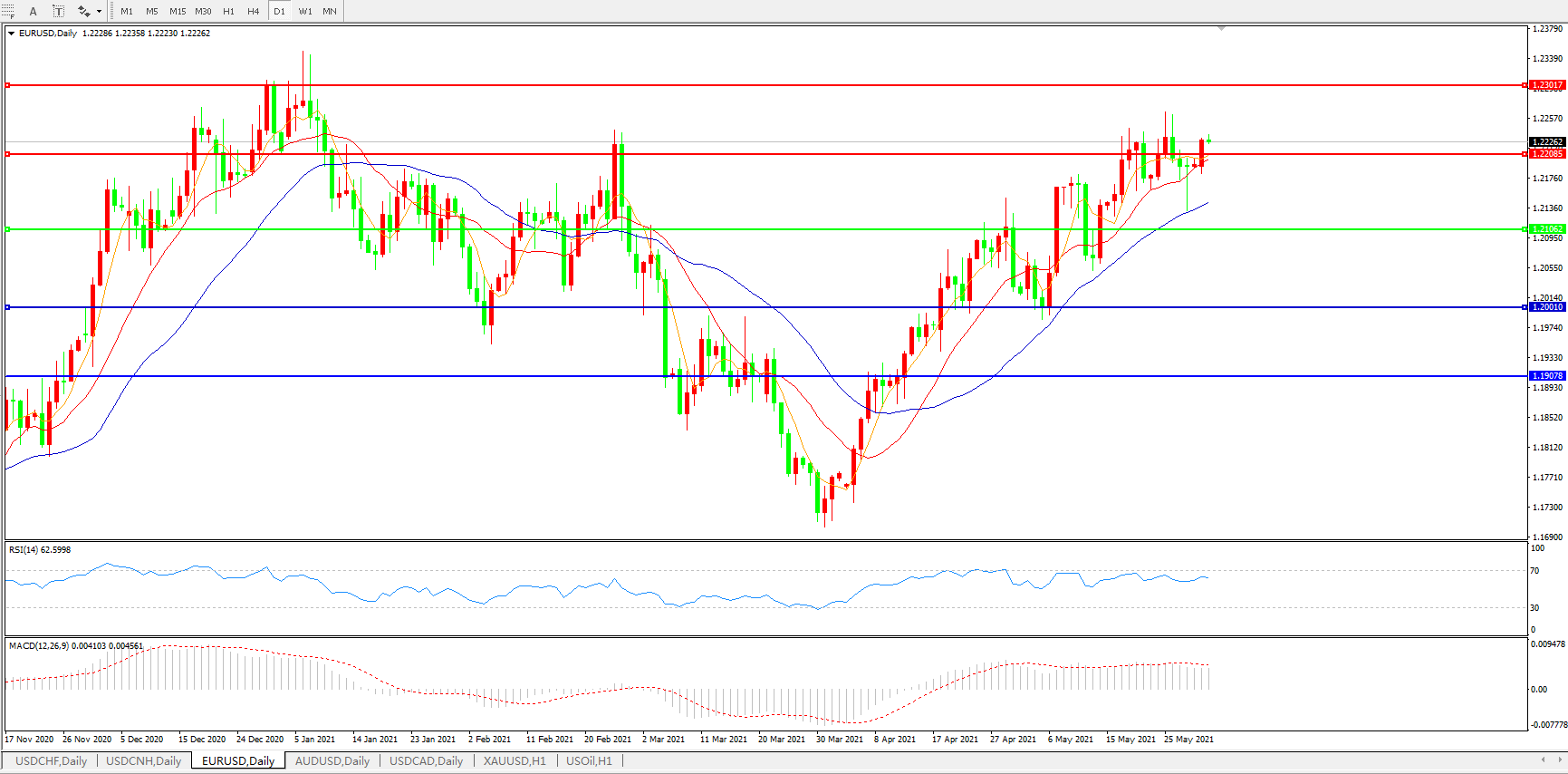 欧元兑美元EURUSD 日线图:
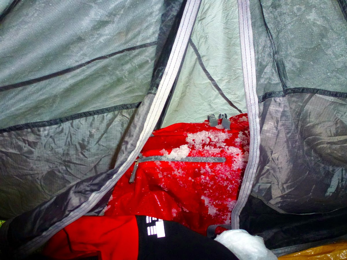 Había llegado ya entrada la noche al refugio libre de Les Riberetes (Vallibierna), sólo había dos personas durmiendo en la tarima de arriba. Sin hacer ruido, cena y a dormir en la de abajo. Por la mañana temprano recogí mi saco y me dirigí hacia la Tuca de las Culebras y el Pico Vallibierna, una doble cumbre de tres miles conocida por el paso que las une, el del "caballo", una arista horizontal, sólida y afilada, impresionante pero fácil de pasar. Antes de cruzar un río, escondí la tienda, el saco y neceseres de cocina, pues la ruta era circular y volvería hasta ese punto. Más o menos estaba de vuelta sobre la una del medio día, había realizado una ruta de unos 20 kilómetros en el tiempo que tenía previsto. Por entonces, el cielo había dado un gran cambio y se estaba cubriendo de nubes negras, me apresure por recoger las cosas que tenia escondida y subir sin detenerme al Ibonet de Corones, unos 300 metros más arriba, por otro barranco, justo cuando empezaba a llover. Se me había olvidado coger el impermeable de la mochila, me preocupaba la cámara de fotos, así que la metí en la funda del saco de dormir. En el momento de montar la tienda empezó a granizar, tuve una sensación extraña de no saber porqué estaba ocurriendo eso, en ese momento pensé, que para disfrutar de una buena noche, tendría que pasar la tormenta. Terminé de montar la tienda, estaba todo empapado, tenía frío, el interior de la tienda se mantuvo seco, me desnude y dentro del saco entré en calor. De vez en cuando me asomaba para ver si la tormenta se había marchado, pero llegó la noche y la tormenta no me abandonó.
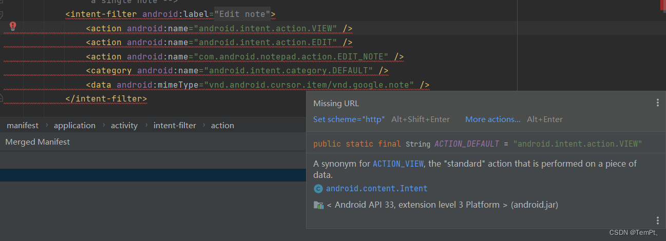 最后是intent-filter missing URL
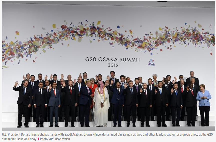 2019년 G20 OSAKA SUMMIT의 사진 한 장. 모든 정상들이 카메라를 보고 손을 흔들고 있을 때, 트럼프는 사우디 왕자와 악수를 하려 한다. 저 형은 역시 범상치 않다.
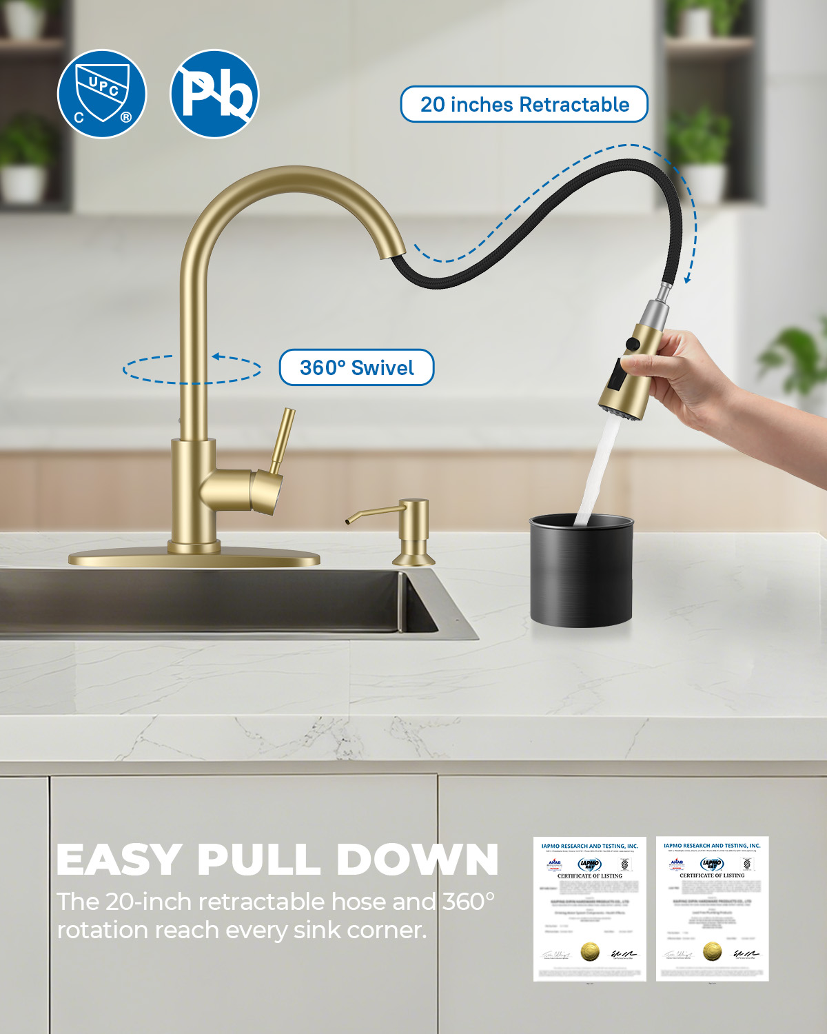 WEWE Kitchen Faucet with Soap Dispenser and Pull Down Sprayer, RV Single Handle Classic 3 Modes Stainless Steel Faucet for Kitchen Sink, RV, Gold
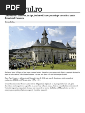 Acest sfânt locaș cu hramul sfinților mai mari voievozi mihail și gavriil din temelie ridicat întâiul de fericitului întru pomenire de ștefan voievod cel mare și apoi de duca voievod înfrumusețat iar acum în zilele de prea înălțatului domn mihail grigore sturza voievod din nou întocmit. Stefan cel mare si sfant cum este numit de catre biserica ortodoxa n a fost numai conducator de osti iscusit si diplomat ci si un mare ctitor. Br o parte din ctitoriile stramosesti le am prezentat in acest material. 2 iulie 1504 suceava supranumit ștefan cel mare sau după canonizarea sa de către biserica ortodoxă română ștefan cel mare și sfânt a fost domnul moldovei între anii 1457 și 1504 a fost fiul lui bogdan al ii lea domnind timp de 47 de ani cea mai lungă domnie din epoca medievală din țările române.
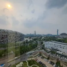 Location - real close to the Stadium; Security - nice lock system; Receptionists - all nice, especially "Wang, Fu Qiang" 王富强 (服务非常优秀,方案彻底又有效率) very attentive, professional and efficient - helped me to get takeout order as lunch after unavailability of room service of beef noodles; deduct one star for the breakfast buffet - bus boys clear tables fast, yet the waitress/waiter not friendly as to my inquires, e.g. unavailability of coffee spoon, absence of regular size coffee cup/mug, absence of breakfast tea bags, and unsolicited table sharing. The breakfast buffet is a convenient option for travellers, not a sampler representing local cuisine. The hotel use a cute robot to deliver items to the suite on demand - that was entertaining. The coffee and tea shop at the lobby is a bit pricy if you are only looking for non-branded beverage. View - I stayed at high floor and could see the entrance of the "Nest" the stadium plus a corner of the famous Concrete Nest structure - very charming in the evening. The hotel is nice for travellers who can handle a bit of mandarin.
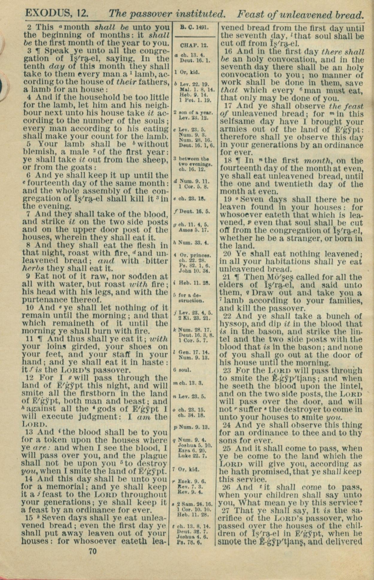 1916年Holy Bible 出埃及記 12 章 2 節到 12 章 27 節
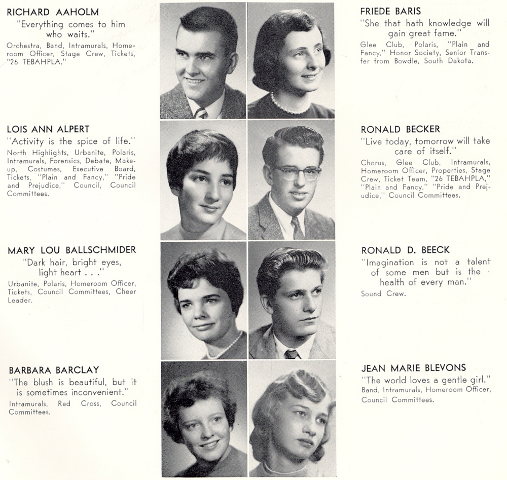 1959 Sheboygan North High School, Page 17: Richard Aaholm, Lois Ann Alpert, Mary Lou Ballschmider, Barbara Barclay, Friede Baris, Ronald Becker, Ronald D. Beeck, Jean Marie Blevons.
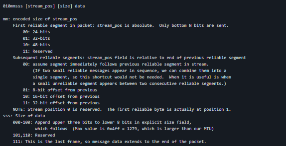 GameNetworkingSockets is a basic transport layer for games. A reliability layer significantly more sophisticated than a basic TCP-style sliding window. It is based on the "ack vector" model from DCCP (RFC 4340, section 11.4) and Google QUIC and discussed in the context of games by Glenn Fiedler. The basic idea is for the receiver to efficiently communicate to the sender the status of every packet number (whether or not a packet was received with that number). By remembering which segments were sent in each packet, the sender can deduce which segments need to be retransmitted. Encryption. AES-GCM-256 per packet, Curve25519 for key exchange and cert signatures. The details for shared key derivation and per-packet IV are based on the design used by Google's QUIC protocol. This library has shipped on consoles, mobile platforms, and non-Steam stores, and has been used to facilitate cross-platform connectivity. Contact us to get access to the code.
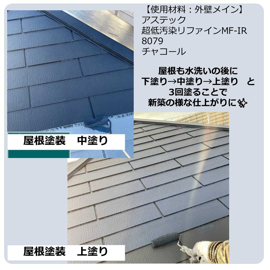 下塗り→中塗り→上塗りと3回塗ることで新築の様な仕上がりに✨
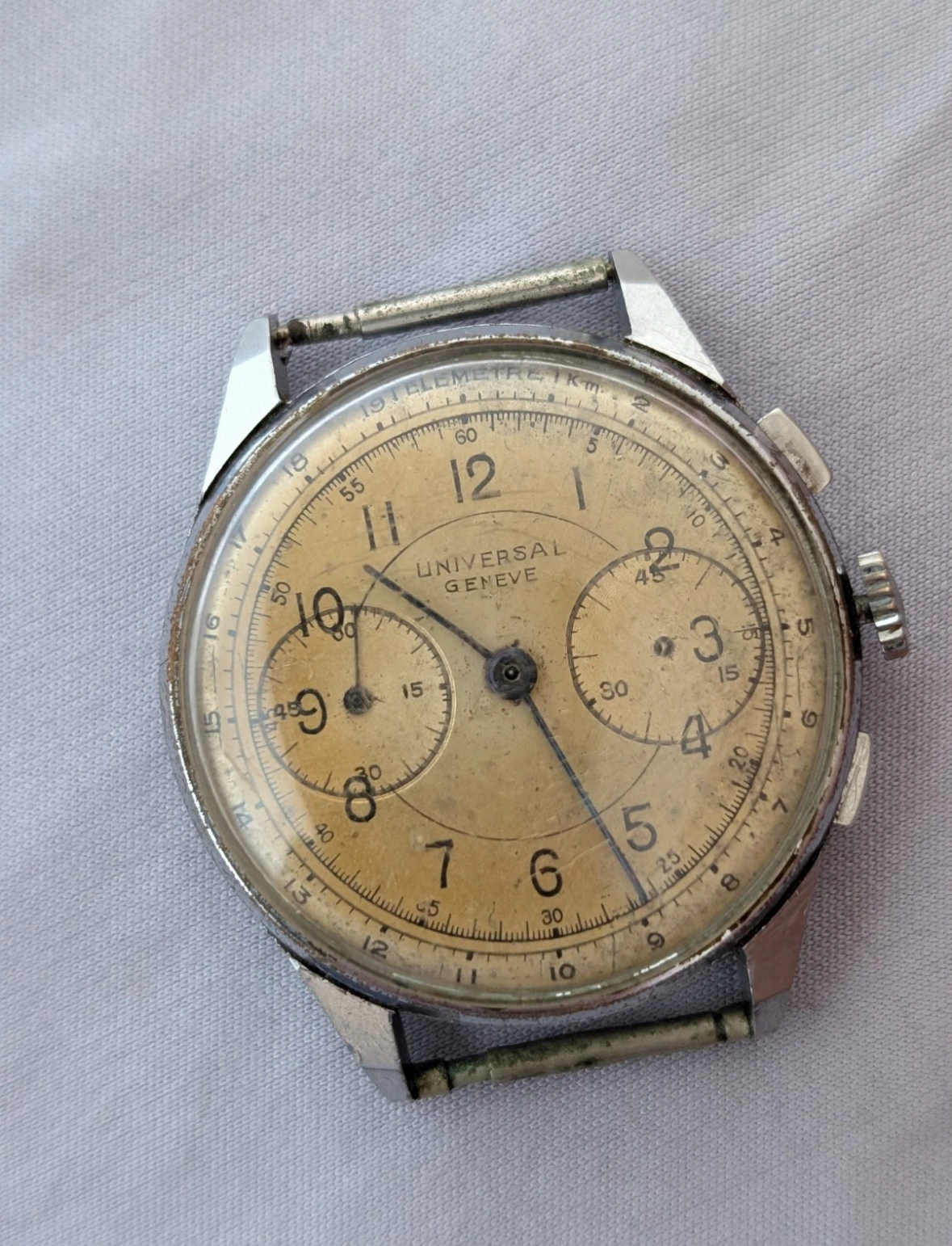 gold tri with service dial, nice aged hands
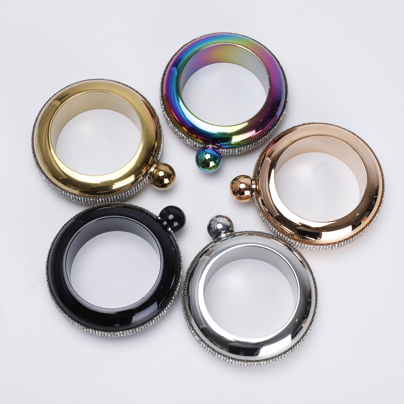 Браслет из нержавеющей стали с бриллиантами, фляга для путешествий, алкогольный виски, водка, карманные фляги, алкогольные бутылки, 3,5 унции, фляга, браслет
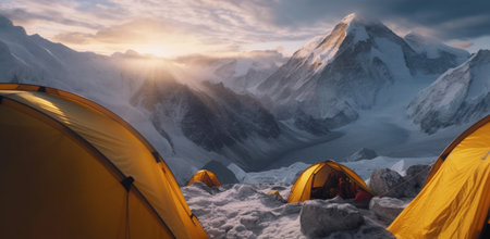 Camping in the Everest mountains during sunrise
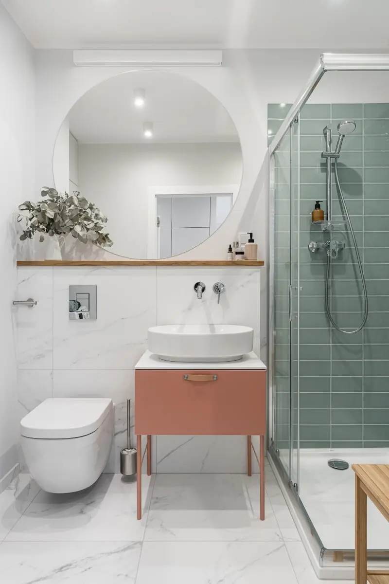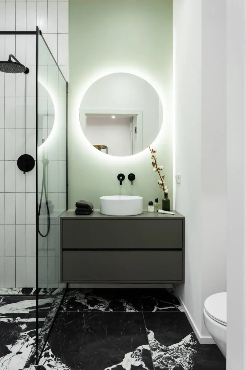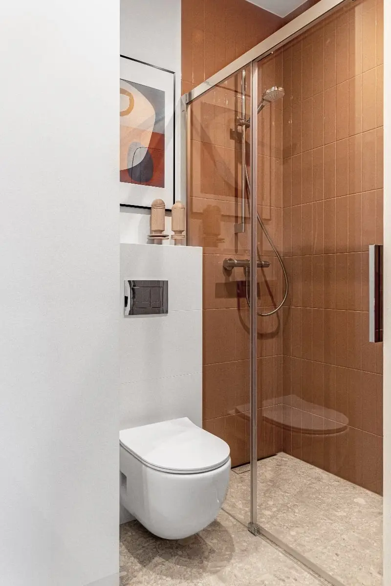 Jednak nie jest to tylko pusty trend. Wykorzystując trik, którego prekursorem był Yves Saint Laurent, możemy w ciekawy sposób zdefiniować wybrany obszar i podzielić wnętrze na strefy funkcyjne. Najłatwiej to zrobić dekorując ścianę, zwykle centralną np. pod prysznicem. Jeden duży obszar w jednym kolorze może naprawdę mieć duży wpływ na przestrzeń, tym bardziej, jeśli użyjesz płytek o dużych rozmiarach lub mniejszych o ciekawym kształcie.
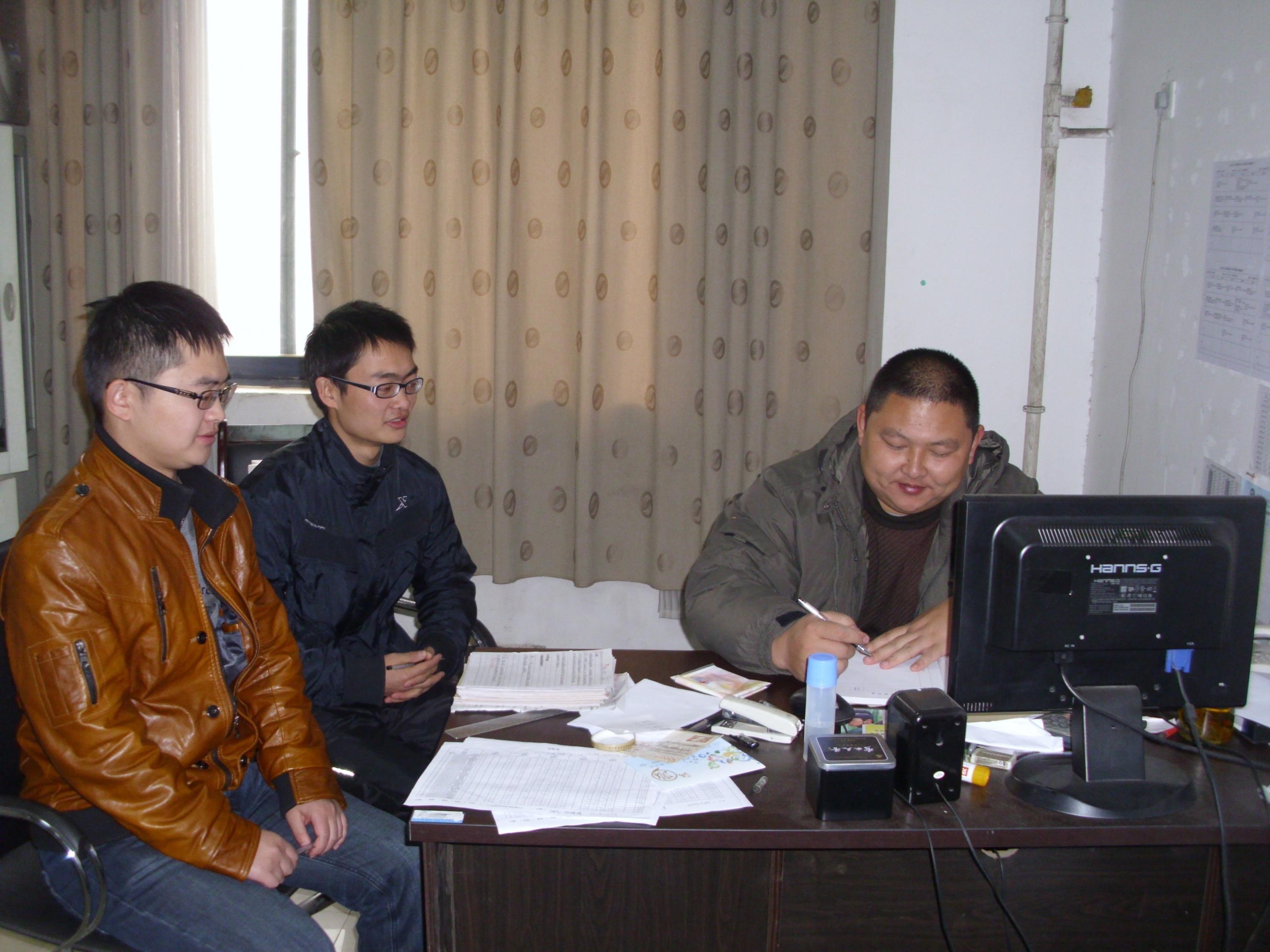 2012年11月9日,在综合楼813办公室,工学院辅导员杨大虎老师与10级生物工程专业两个本科班班长马祖松和禹彬关于学生就业方向、学生当前学习状态进行了访谈。
------
■ **PROBLEM REQUIREMENTS**
Give exactly the lines above that run from the line with "2019년 G20 OSAKA" to the line with "WEWE Kitchen Faucet", both included, leaving every picture out.

■ **EXERCISE RESULT**
 2019년 G20 OSAKA SUMMIT의 사진 한 장. 모든 정상들이 카메라를 보고 손을 흔들고 있을 때, 트럼프는 사우디 왕자와 악수를 하려 한다. 저 형은 역시 범상치 않다.
 WEWE Kitchen Faucet with Soap Dispenser and Pull Down Sprayer, RV Single Handle Classic 3 Modes Stainless Steel Faucet for Kitchen Sink, RV, Gold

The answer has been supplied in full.